In Benjamin’s “Author as Producer”, he prefigured contemporary geographic thought when he refused to assume that a cultural work exists as a thing-unto-itself: “The dialectical approach,” he wrote, “has absolutely no use for such rigid, isolated things as work, novel, book. It has to insert them into the living social context.” Right there, Benjamin rejected the assumption that cultural works have any kind of ontological stability and instead suggested a relational way of thinking about them. Benjamin went on to make a distinction between works that have an “attitude” toward politics and works that inhabit a “position” within them. “Rather than ask ‘What is the attitude of a work to the relations of production of its time?’” he wrote, “I should like to ask, ‘What is its position in them?’” Benjamin, in other words, was identifying the relations of production that give rise to cultural work as a crucial political moment. For Benjamin, producing truly radical or liberatory cultural works meant producing liberatory spaces from which cultural works could emerge. …..

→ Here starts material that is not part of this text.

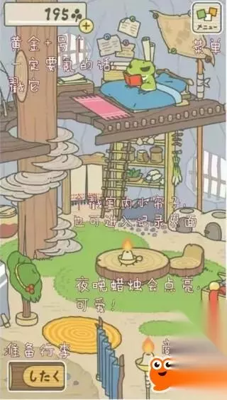 本篇将给大家介绍到: 1、界面菜单翻译 2、食物与道具作用 常见问题: Q:青蛙为什么不出门 A:要给青蛙准备好食物及道具,青蛙才会出门。 Q:青蛙为什么不回家 A:青蛙旅行时间和给的食物有关,有的时间长,有的时间短。如果没有给青蛙包裹里放东西,桌子上也没有准备备用的东西,这个时候青蛙是离家出走了,必须在桌子上准备好旅行用的物品,青蛙才会回来,否则青蛙永远也不会回家。 前期通过收集三叶草去商城买东西,有食物、幸运符、道具。青蛙带着这些东西就会出门旅行,然后旅行途中会邮寄照片,回来还会给你带当地的土特产。 佛系养蛙游戏《旅行青蛙》攻略大全 界面菜单翻译: 1、界面分为庭院和室内 2、庭院内上方为【主菜单】,包括【现有物品】、【记录】、【帮助】三个子菜单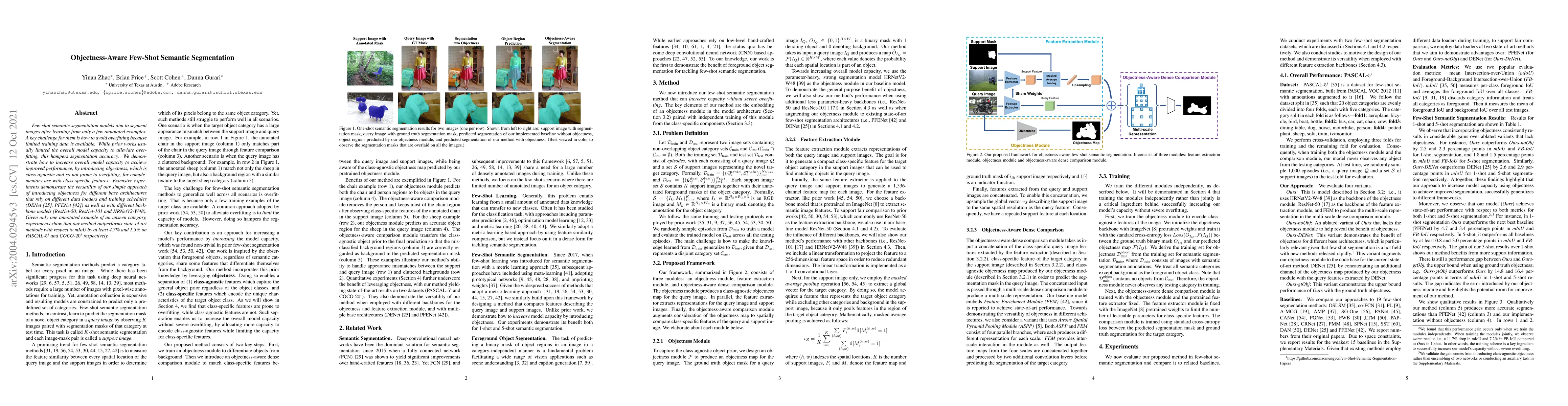Objectness-aware few-shot semantic segmentation models achieve improved performance by incorporating class-agnostic objectness features to reduce overfitting, outperforming state-of-the-art methods with significant margins.

Experimental geography expands Benjamin’s call for cultural workers to move beyond “critique” as an end in itself and to take up a “position” within the politics of lived experience. Following Benjamin, experimental geography takes for granted the fact that there can be no “outside” of politics, because there can be no “outside” to the production of space (and the production of space is ipso facto political)……
The task of experimental geography, then, is to seize the opportunities that present themselves in the spatial practices of culture. To move beyond critical reflection, critique alone, and political “attitudes,” into the realm of practice. To experiment with creating new spaces, new ways of being.